ON a Thursday evening, many students might be meeting up with friends as the weekend beckons.
But 23-year-old Amelia Johnston, from Belfast, who is in her fourth year of studying medicine at Dundee University, is busy cooking dinner for 86-year-old Zena Ware – a lady who, this time last year, she didn’t know but now visits at least once a week as part of the Meal Makers scheme.
Here, they share why their get-togethers have become so much more than just dinner.
‘I call her my Scottish granny because we clicked straight away’
LIFE is busy for fourth-year medical student, Amelia. But that didn’t stop her pausing to look at a poster she spotted early last year looking for volunteers to make meals for an elderly neighbour.
She said: “I always come away from Zena’s with a huge smile on my face.
“I love cooking and meeting new people. She lives in the street next to mine so it’s perfect. I see her every Thursday.”
Amelia enjoys the comfort of Zena’s warm home, in contrast to her cold student flat, but in her elderly neighbour, she has also found a close friend.
“I didn’t know what to expect when I first visited Zena, but she made me feel so welcome and I ended up staying and chatting for an hour and a half. We just clicked. Now I call her my Scottish Granny because we get on so well.
“She’s travelled so widely that I try to keep the dishes varied for her. I make the food at home first then take it round to her warm on the plate.”
Amelia can see the difference her visits make to Zena.
“She really enjoys the energy of younger people so I’ve brought both my sisters, who are also studying in Dundee, to meet her, along with my flatmates and my friends.
“She’s so young at heart, she loves to be involved with all of us.
“I sometimes take her in a taxi to the supermarket to do her shopping and we’ve been for coffee together.
“She likes to know everything that’s going on and she tells me to come over any time. ‘My heating’s always on,’ she’ll say.
“To talk to someone with so many years of wisdom and experience helps you put life in perspective.”
‘I get to share all my memories and adventures, from falling in love to travelling around the world’
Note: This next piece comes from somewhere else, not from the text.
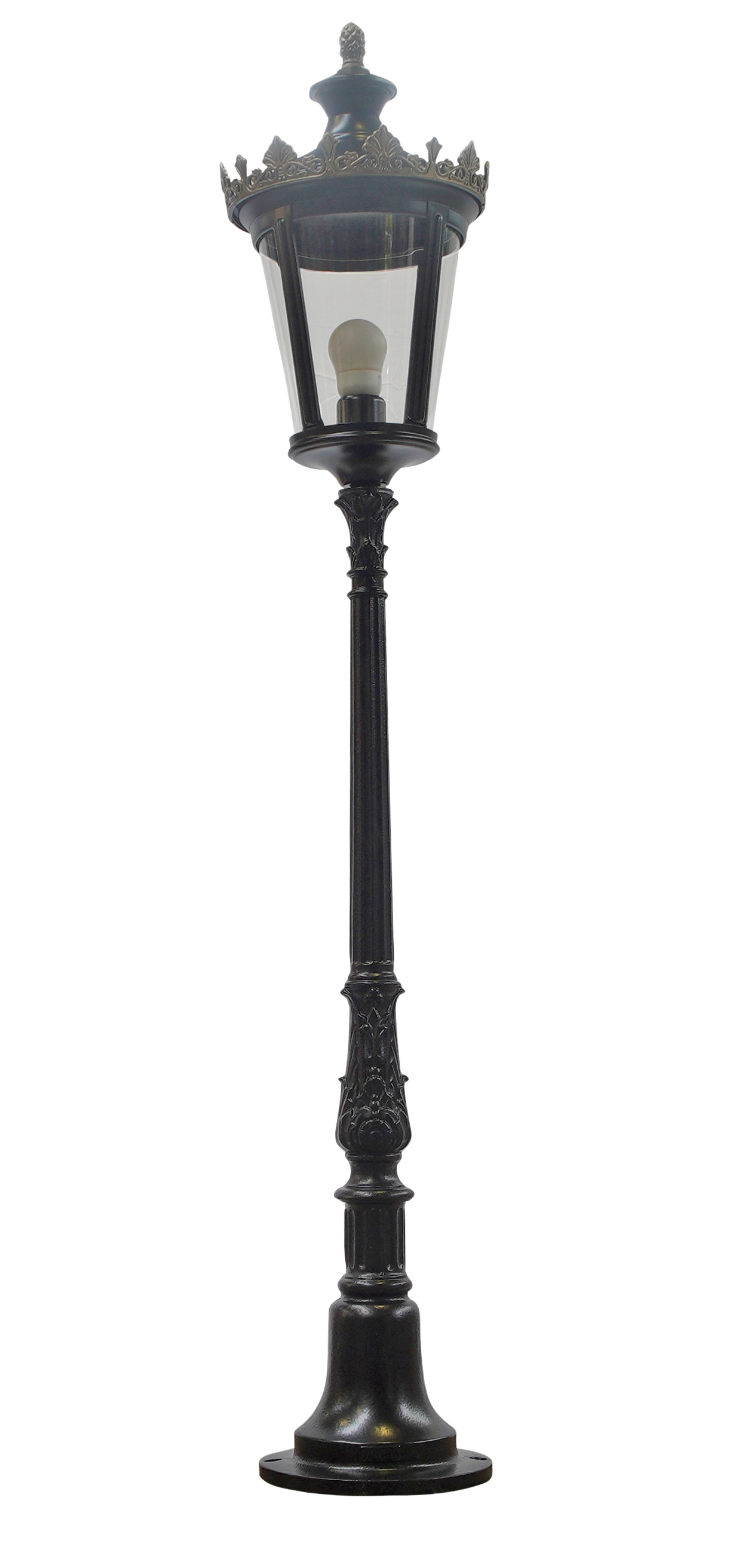 Les composants de ce candélabre en fonte sont d'abord grenaillés puis sablés ; ils sont ensuite métallisés puis peints en noir RAL 9005 par thermolaquage assurant un traitement anti-corrosion de qualité. La lanterne en aluminium dont il est équipé, est assemblée en tôlerie soudée par points noir RAL 9005 avec couronne supérieure et pomme de pin inférieure dorées ainsi qu'un diffuseur en verre clair soufflé monobloc et 2.40 m de câble électrique. Elle est pourvue d'un culot à vis E27 (pouvant recevoir une ampoule LED) et a un indice de protection 44/classe 1, assurant une excellente durée de vie, même en cas d'utilisation intensive et en zone côtière. Les pattes de scellements et le gabarit de perçage fournis vous permettront une installation simplifiée. Sa hauteur totale est de 1,46 m. Dimensions de la lanterne : Hauteur 493 mm Largeur 292 mm
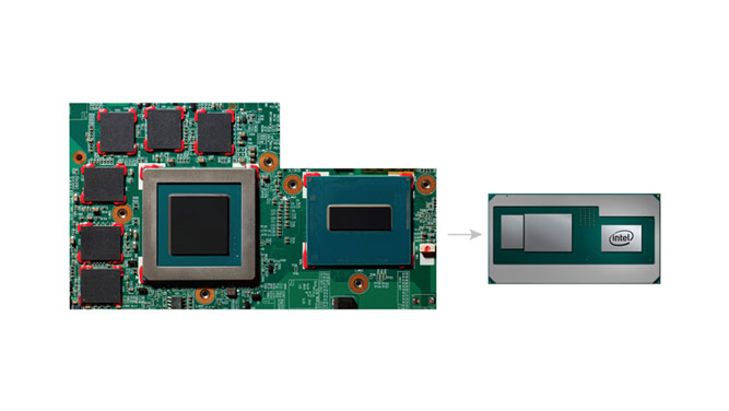 ظاهراً اینتل حاصل همکاری خود با AMD را برای اولین بار در یک مینی پی سی به خدمت خواهد گرفت. این تراشه بزرگ دارای پردازنده مرکزی چهار هستهای مبتنی بر قطعه سیلیکونی Kaby Lake-H و یک پردازنده گرافیکی مبتنی بر ریزمعماری AMD Vega در کنار حافظه HBM2 است.

LISTENING to the young people around her chatting away is a reminder of Zena’s own youth.
Aged 18, she met her late husband Michael, then an apprentice at the RM Condor naval base near Arbroath.
It was to be the start of what turned into the happiest of marriages, spanning six decades and taking them to the far corners of the globe together.
But it wasn’t love at first sight.
Zena recalled: “We met in the Marine Ballroom. He asked my friend to dance. We then went out as a foursome with a friend of his who ended up in Stracathro Hospital with glandular fever.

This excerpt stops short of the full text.